Öncelikle, ''As Above, So Below'' found footage tarzında çekilmiş bir film, yani olaylar bir karakterin kamera kayıtları üzerinden ilerliyor. Bana kalırsa korku filmleri için tercih edilebilecek en ideal çekim yöntemlerinden biri bu, çünkü nabzı yükselten o gerilim dolu anları sanki filmden bir karaktermişizcesine, birinci şahıs olarak deneyimleme şansını bize sunuyor found footage yöntemi.
Filmin Konusu
Film, genç ve başarılı bir arkeolog olan Scarlet Marlowe’nin (Perdita Weeks), babasının hayatını adadığı bir araştırmaya devam etme isteği üzerine odaklanıyor: Nicolas Flamel’in Felsefe Taşı ve bu taşın barındırdığı gizemler.
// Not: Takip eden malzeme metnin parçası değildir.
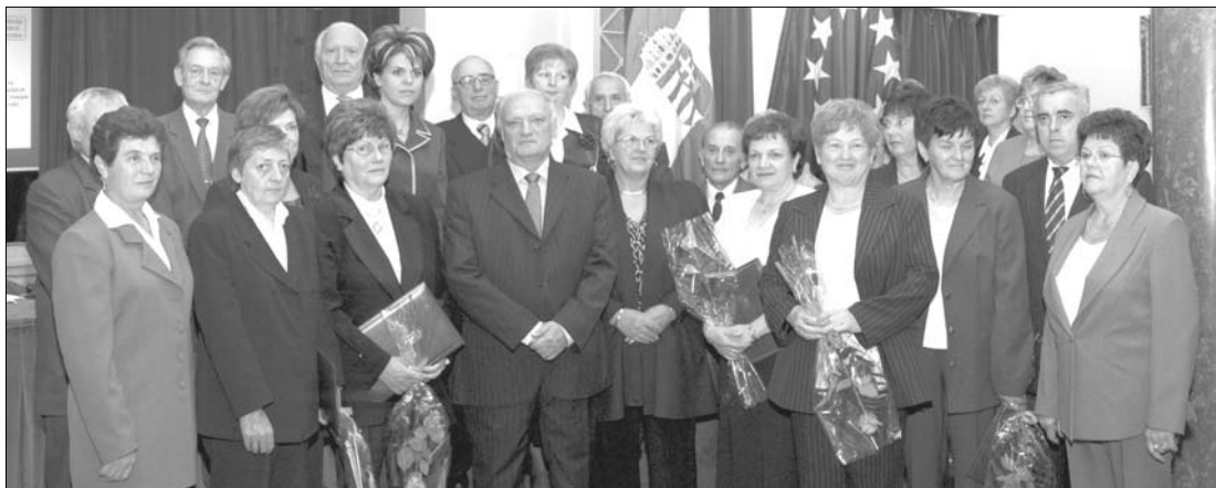
Kitüntettek: Gráf József földművelésügyi és vidékfejlesztési miniszter társaságában
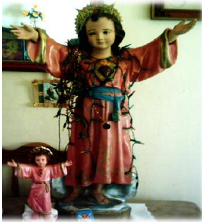
FIGURA 18: IMAGEN DEL DIVINO NIÑO JESÚS
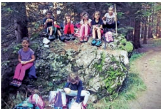
Celoletna šola športa poleti spodbuja tudi pohodništvo.
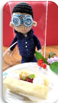
おからを利用したケーキ
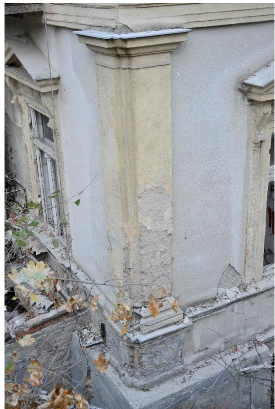
15. kép Sarokpilaszterek az épület délnyugati sarkán
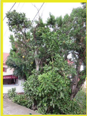
Curieux mélange écotoïque

C'est le plus grand arbre de l'école Jean Albany... mais est-il vraiment tout seul? Avec tous ses troncs on ne saurait dire combien il y a d'arbres ici! Peut-être deux?
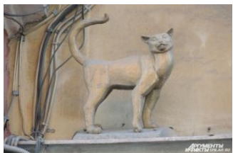
Кошка Василиса прогуливается по карнизу дома на Малой Садовой улице.

В Петербурге на улицах города можно встретить много памятников кошкам. Это дань уважения тысячам животных, погибших в страшные 900 дней блокады Ленинграда.
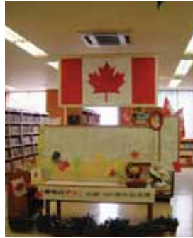
「赤毛のアン」出版100周年記念展

Edindiği çeşitli ipuçlarına göre Scarlet’in aradığı bu hazine, Paris’in tam altında yer alan ve yaklaşık 6 milyon cesedi barındırdığı düşünülen yeraltı mezarlarında saklanıyor. Konu, istediğini elde etmek olduğunda oldukça hırslı ve korkusuz bir kişiliğe sahip olan ana karakterimiz, Felsefe Taşı’na ulaşmak ve babasının ömrünü adadığı bu gizemi çözmek uğruna, sayısız tehlike içeren yeraltı mezarlarına girmek için gözünü karartıyor ve kendine bir ekip toplayarak, Paris’in gizemli ve karanlık tünellerinde, tekinsiz bir yolculuğa çıkıyor.
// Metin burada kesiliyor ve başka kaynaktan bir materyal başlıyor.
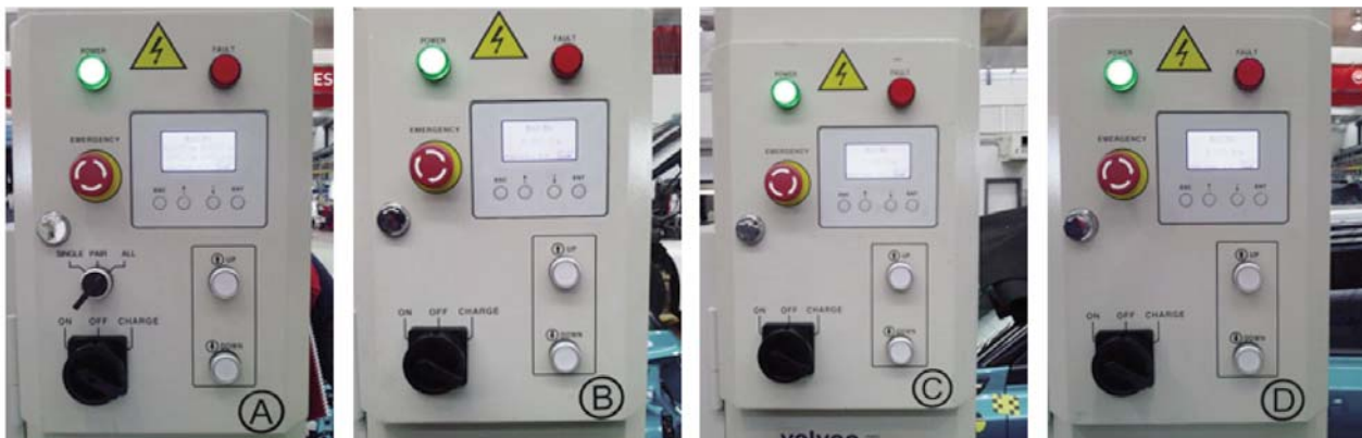
Columna A: Columna maestra
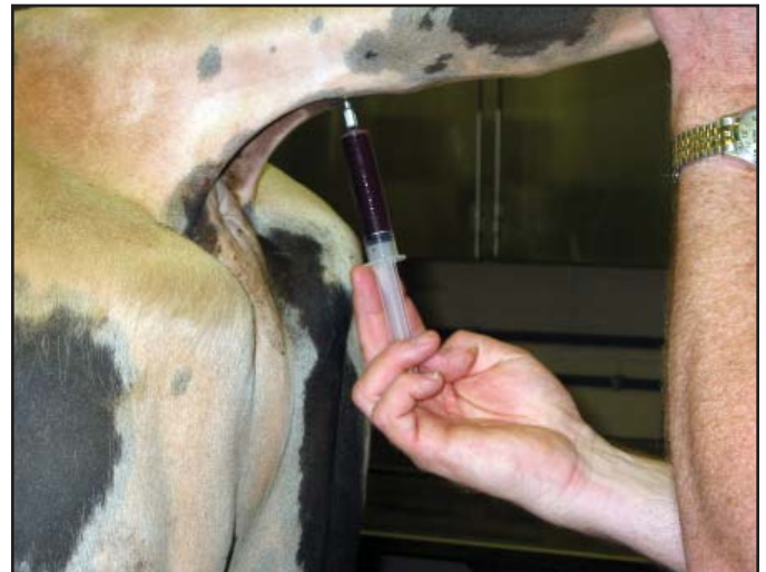
El toro promedio en una de las mayores centrales de IA puede recibir mas de 30 pruebas sanitarias en un año, mientras se controlan 12 o más enfermedades.

Macera dolu ve eğlenceli bir hazine avına çıkmayı bekleyen ekip için işler hiç de umdukları gibi gitmiyor. Yeraltı mezarlarına adımlarını attıklarını andan itibaren, etraflarındaki her şey tüyler ürpertici bir hal almaya ve durum her dakika daha da kötüleşmeye devam ederken, ekran başındaki izleyici de bu gerilimin her saniyesini iliklerinde hissediyor. Ekipteki her bir karakterin, en derin kabusları ve yıllardır peşlerini bırakmayan günahları, en dehşet verici şekilde tek tek gün yüzüne çıkarken, gerçeklik ile deliliğin sınırı ise gittikçe bulanıklaşmaya başlıyor.
Eğer psikolojik korku türüne ilginiz varsa, kesinlikle izlemenizi önerdiğim bir yapım. İyi seyirler!